Let us see our method in action by displaying the __Top 15 Romance Movies__ (Romance almost didn't feature at all in our Generic Top Chart despite being one of the most popular movie genres).

#### Top 15 Romantic Movies

In [None]:
build_chart('Romance').head(15)

## Contend-based Recommender system

In [None]:
links_small = links_small[links_small['tmdbId'].notnull()]['tmdbId'].astype('int')

In [None]:
def convert_int(x):
    try:
        return int(x)
    except:
        return np.nan

In [None]:
md['id'] = md['id'].apply(convert_int)
md[md['id'].isnull()]

In [None]:
md = md.drop([19730, 29503, 35587])

In [None]:
md['id'] = md['id'].astype('int')

In [None]:
smd = md[md['id'].isin(links_small)]
smd.shape

We have __9099 movies__ available in our small movies metadata dataset which is 5 times smaller than our original dataset of 45000 movies.

#### Theoretical note:
#### CountVectorizer vs TfidfVectorizer

In text processing and machine learning, `CountVectorizer` and `TfidfVectorizer` are two techniques used to convert text data into numerical vectors, suitable for use with machine learning algorithms. Here's an overview of the differences:

__CountVectorizer__

- **Purpose**: `CountVectorizer` transforms a list of text documents into a matrix of token (word) counts, commonly known as the "bag of words" model.
- **Output**: Each word in a document is represented by the count of its occurrence within that document.
- **Usage**: Useful when the frequency information is important, but it does not account for the relative importance of a word across the document set.
- **Advantages**: Simplicity and good performance on some tasks.
- **Disadvantages**: It doesn't consider the relative importance of words.
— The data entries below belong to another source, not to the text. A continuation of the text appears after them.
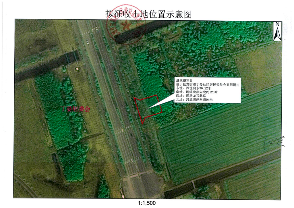 本次拟征收土地位于盐龙街道丁晏社区居委会五组范围内。拟征收土地位置详见附图。
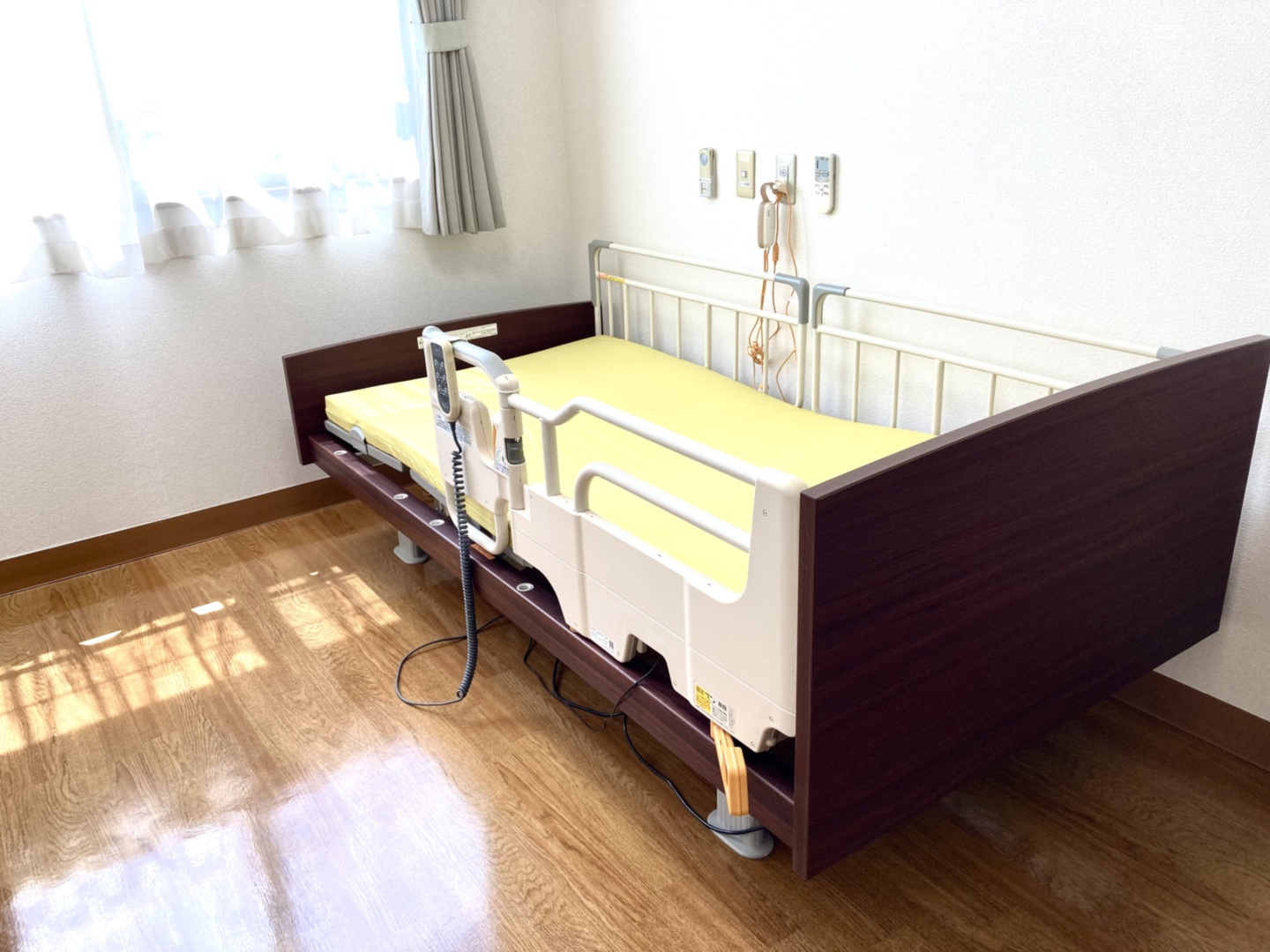 全室個室なのでご面会は24時間いつでもお気軽にお越しいただけます。居室にトイレや洗面台もあり、ご自宅と同様のプライベート空間を確保。また、緊急通報装置が各所に設置されており安心です。
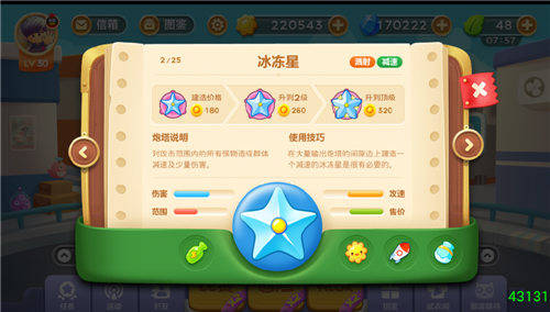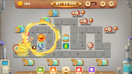 站在楼道上的小怪们很可怕的样子,而且行动也更迅速。面对这些疯狂的小怪,阿波没有办法,只有召集减速的炮塔兄弟们,冰冻星来报道、雪塔来报道、蘑菇来报道,让这些减速的兄弟们团结起来共同催眠这些小怪吧!让我们共同为其他兄弟塔的炮火准备再争取些时间
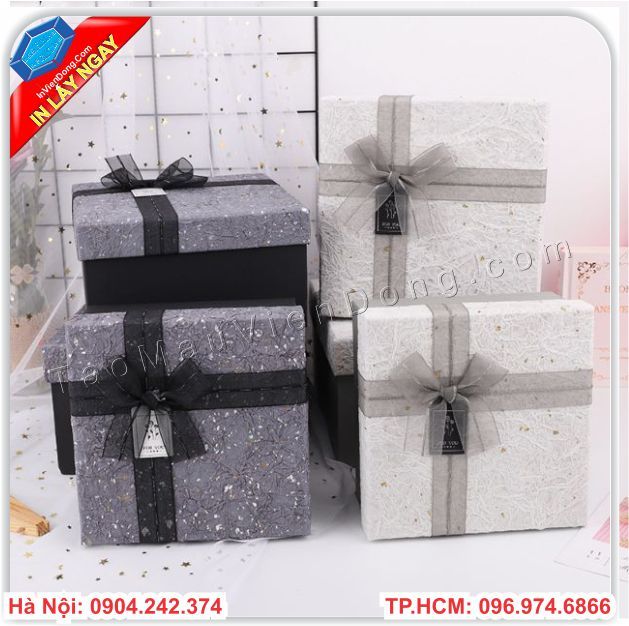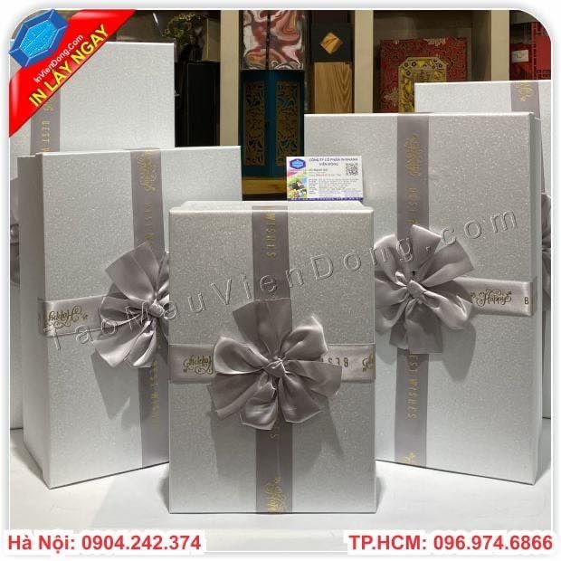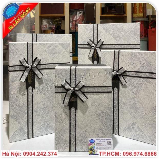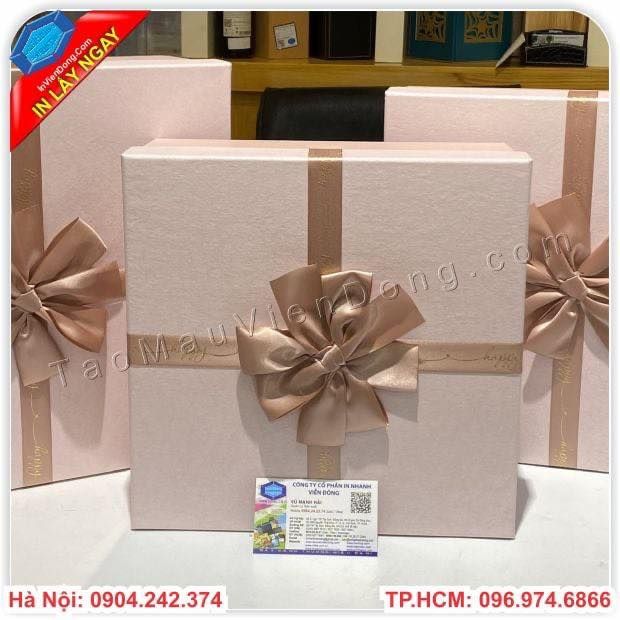 Hộp đựng quàMột món quà ý nghĩa , sang trọng nếu không muốn mất đi giá trị thì bạn không thể thiếu cho sản phẩm ấy một hộp đựng quà cao cấp phù hợp với sản bên trong hộp của mình .Với nhiều năm trong ngành in ấn chúng tôi luôn thiết kế ra những mẫu hộp độc lạ để thu hút nhiều khách hàng .Với chất liệu bìa carton lạnh được khoác trên mình những mẫu lớp giấy bồi khách nhau để tạo nên vẻ đẹp riêng biệt .Chính vì thế , tại đây chúng tôi xin giới thiệu đến bạn một địa chỉ chuyên cung cấp hộp đựng quà có sẵn cao cấp và sản xuất hộp đựng quà theo yêu cầu .
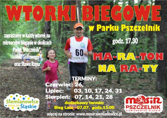 Miejski Ośrodek Sportu i Rekreacji “Pszczelnik” w Siemianowicach Śląskich serdecznie zaprasza miłośników biegania do udziału w dziewiątej edycji, wakacyjnej imprezy rekreacyjnej pod nazwą “Wtorki Biegowe – Maraton na Raty”.
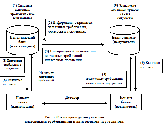 Процедуры расчетов по платежным требованиям и инкассовым поручениям состоят в выполнении операций по зачислению и списанию денежных средств на счетах банков и их клиентов в соответствии с реквизитами, указанными в расчетных документах (на рисунке прямоугольники с номерами 5 и 8).
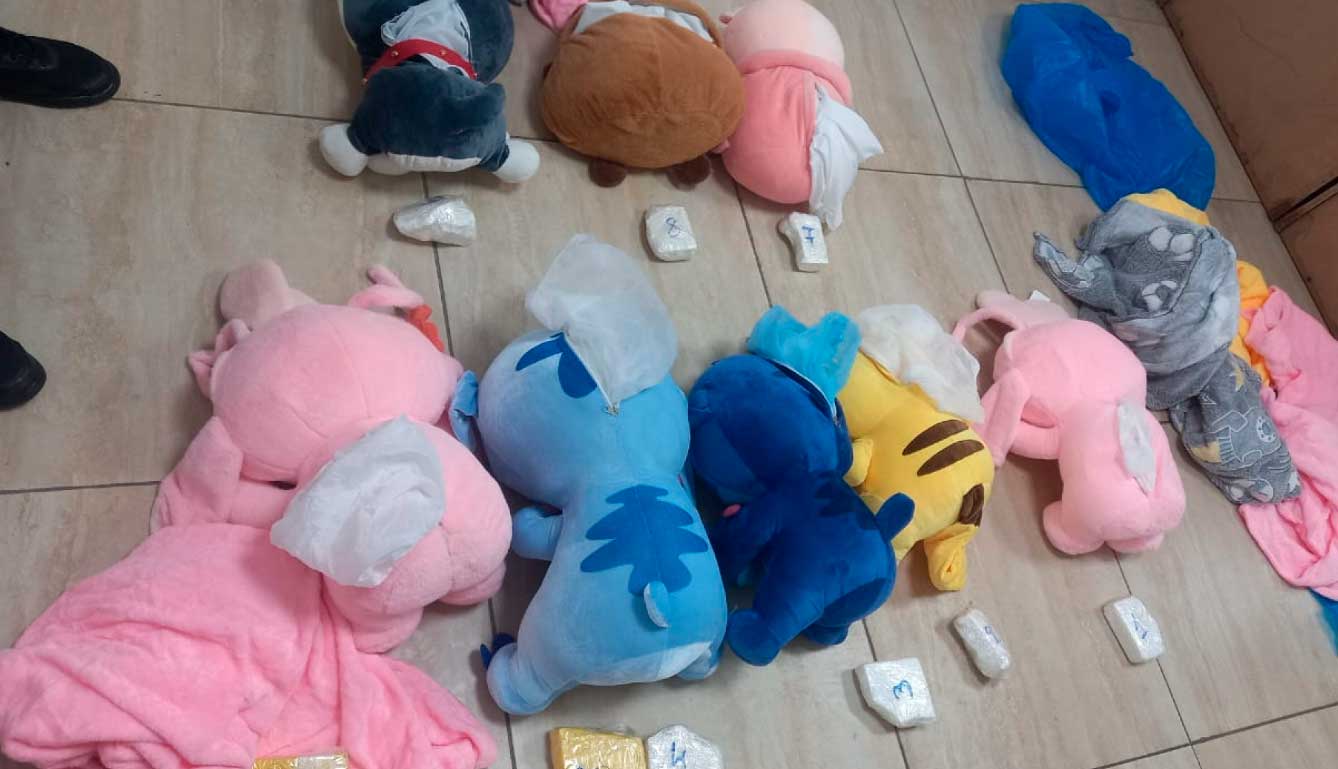 Luego, al abrir la costura de los peluches, notaron que al interior llevaban una manta donde se ocultaba la droga.
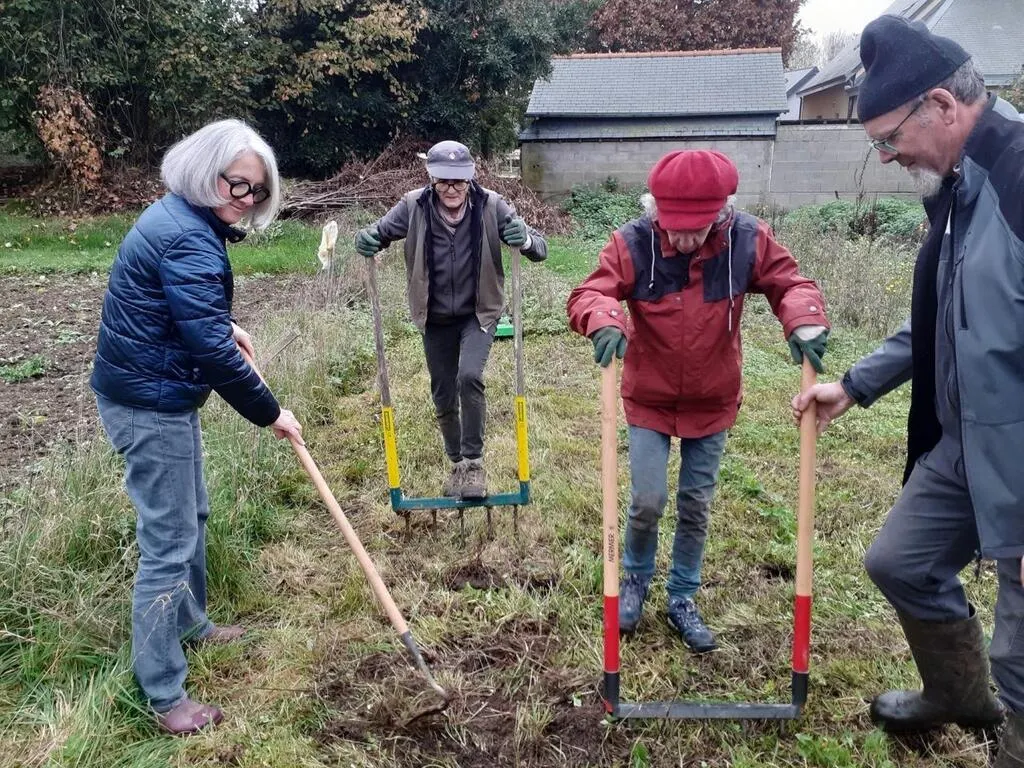 Situé dans les jardins familiaux, derrière le centre social Georges-Rouault, cet atelier-potager est porté par Familles rurales. Samedi 9 novembre 2024, ils étaient sept à se retrouver pour désherber, ameublir, émietter la terre de leur nouvelle parcelle. Pas de motoculteur, mais deux grelinettes, sorte de grandes fourches à deux manches et cinq dents.  Elles permettent d’aérer la terre sans la retourner et de conserver la partie superficielle qui est la plus fertile.Â

Common words that appear in many documents, like "is" or "the", will have the same weight as rarer but potentially more informative words.

__TfidfVectorizer__

- **Purpose**: `TfidfVectorizer` operates similarly to `CountVectorizer` in creating features from text but also weights the words by their importance using the term frequency-inverse document frequency (TF-IDF) metric.
- **Output**: Words are weighted in a document higher if they occur frequently in a document, but not in many documents across the set, thus reducing the influence of common words.
- **Usage**: TF-IDF is useful when you need to assess the importance of words in documents and a collection of documents (e.g., document retrieval and recommendation).
- **Advantages**: It takes into account not only the frequency of words in a document but also how unique these words are with respect to the whole collection of documents.
- **Disadvantages**: It's a bit more complex and computationally intensive than `CountVectorizer`.

In general, if only raw word frequency matters, `CountVectorizer` may suffice. However, if you want to consider word importance relative to the entire dataset, `TfidfVectorizer` is the better option.


### Content-based Recommender System: Using movie description and taglines

- Let us first try to build a recommender using movie descriptions and taglines.
- We do not have a quantitative metric to judge our machine's performance so this will have to be done qualitatively.

In [None]:
smd.loc[:, 'description'] = smd['overview'].fillna('') + smd['tagline'].fillna('')

In [None]:
tf = TfidfVectorizer(analyzer='word',ngram_range=(1, 2), stop_words='english')
tfidf_matrix = tf.fit_transform(smd['description'])

In [None]:
tfidf_matrix.shape

- Since we have used the TF-IDF Vectorizer, calculating the Dot Product will directly give us the Cosine Similarity Score.

- Therefore, we will use sklearn's linear_kernel instead of cosine_similarities since it is much faster.

In [None]:
cosine_sim = linear_kernel(tfidf_matrix, tfidf_matrix)

In [None]:
cosine_sim[0]

- We now have a pairwise cosine similarity matrix for all the movies in our dataset.
- The next step is to write a function that returns the 30 most similar movies based on the cosine similarity score.

In [None]:
smd = smd.reset_index()
titles = smd['title']
indices = pd.Series(smd.index, index=smd['title'])

In [None]:
def get_recommendations(title):
    idx = indices[title]
    sim_scores = list(enumerate(cosine_sim[idx]))
    sim_scores = sorted(sim_scores, key=lambda x: x[1], reverse=True)
    sim_scores = sim_scores[1:31]
    movie_indices = [i[0] for i in sim_scores]
    return titles.iloc[movie_indices]

- We're all set...!
- Let us now try and get the top recommendations for a few movies and see how good the recommendations are.

In [None]:
get_recommendations('The Godfather').head(10)

In [None]:
get_recommendations('The Dark Knight').head(10)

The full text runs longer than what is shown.